Sair dos palcos das boates, saunas, bares e ir para o teatro, cinema e programas de TV foi muito bom. Foi o reconhecimento do meu talento. Fico muito feliz e tive convites para participar de coisas maravilhosas, e isso pra mim é muito gratificante. Não é pela questão que a cena (deu sinais de cansaço); porque eu fiz todos esses trabalhos no auge da minha carreira, quando ainda tinha muitas casas noturnas. Os convites, quando vinham, eram sempre muito gratificantes, sendo que recentemente amei fazer o musical Cartola – O Mundo é um Moinho, que para mim foi um divisor de águas. Eu amei ter feito, sempre viajei pra fora do Brasil, sempre vi muitos musicais e depois, quando participei de Cartola, eu vi que é uma coisa que também quero para minha vida.

Como surgiu o bordão “Quem pode, gasta, quem não pode, me olha”?

Eu não sei. Sempre teve vários bordões: e aí tá ótimo, tô adorando, alguém comia, coisa boa pra você. São coisas que a gente fala no dia a dia, mas eu acho que é a forma a qual eu coloquei isso no palco e ficava batendo sempre nessa tecla. Acabou “pegando”. As coisas surgiam, eu colocava no palco, eu via que dava certo. Por isso, há bordões que “stão aí até hoje.

O Brasil está vivendo um momento bastante delicado. Termos que eram comuns no passado hoje são considerados ofensivos. Você acha que está havendo um vitimismo? 
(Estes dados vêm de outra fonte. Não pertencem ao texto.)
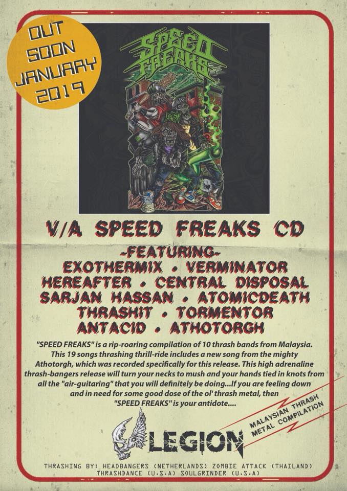 19 track yang tiada lain selain Thrash Metal semata2. Ini adalah antara keluaran terbaek dari Legion Music untuk 2019 walaupun ianya sekadar sebuah kompilasi dari lagu2 terbaek dari release band2 terlibat. Pun begitu penyertaan Athotorgh dengan Necromass Abandon yang merupakan rakaman rasmi khas untuk kompilasi ini merupakan antara buah tangan istimewa dari antara veteren metal scene tanahair. Speed Freaks – Malaysian Thrash Metal Compilation (2019) adalah khas untuk anda yang bergelar mat thrash khususnya. Hahaha..

Falando por mim, Silvety Montilla, acho que [o mundo] está muito chato. Está muito chato trabalhar, está muito chato fazer certas coisas, muito “politicamente correto”. Eu acho que se fosse na época dos Trapalhões, de Viva o Gordo, estariam todos presos. “Qualquer coisa” é gordofobia. A gente está alí [em um show] tentando tirar o riso de alguém, brincar com a situação do momento, pegar o “timing”. Então, se policiar demais e não poder brincar com certas coisas é algo que atrapalha muito. 

Reprodução Silvetty Montilla

Na sua opinião, o que a noite LGBT tem de melhor e de pior?

Eu, Silvetty Montilla, não saberia dizer os pontos bons e ruins, mas acho que há momentos. Hoje não temos mais esse cenário devido ao covid. mas como disse antes, há sempre “altos” e “baixos”, e eu tive muitos momentos maravilhosos e posso dizer que tive mais momentos bons do que ruins. Só que eu não saberia pontuar quais foram os piores e melhores. Eu só espero que a gente possa voltar nessa nova vida, nesse novo ciclo, a fazer o que a gente ama, o que a gente gosta. Eu amo estar nos palcos, independente de ser nas boates gays, no teatro ou em casas de stand up. Eu queria poder voltar a trabalhar e fazer aquilo que eu mais amo.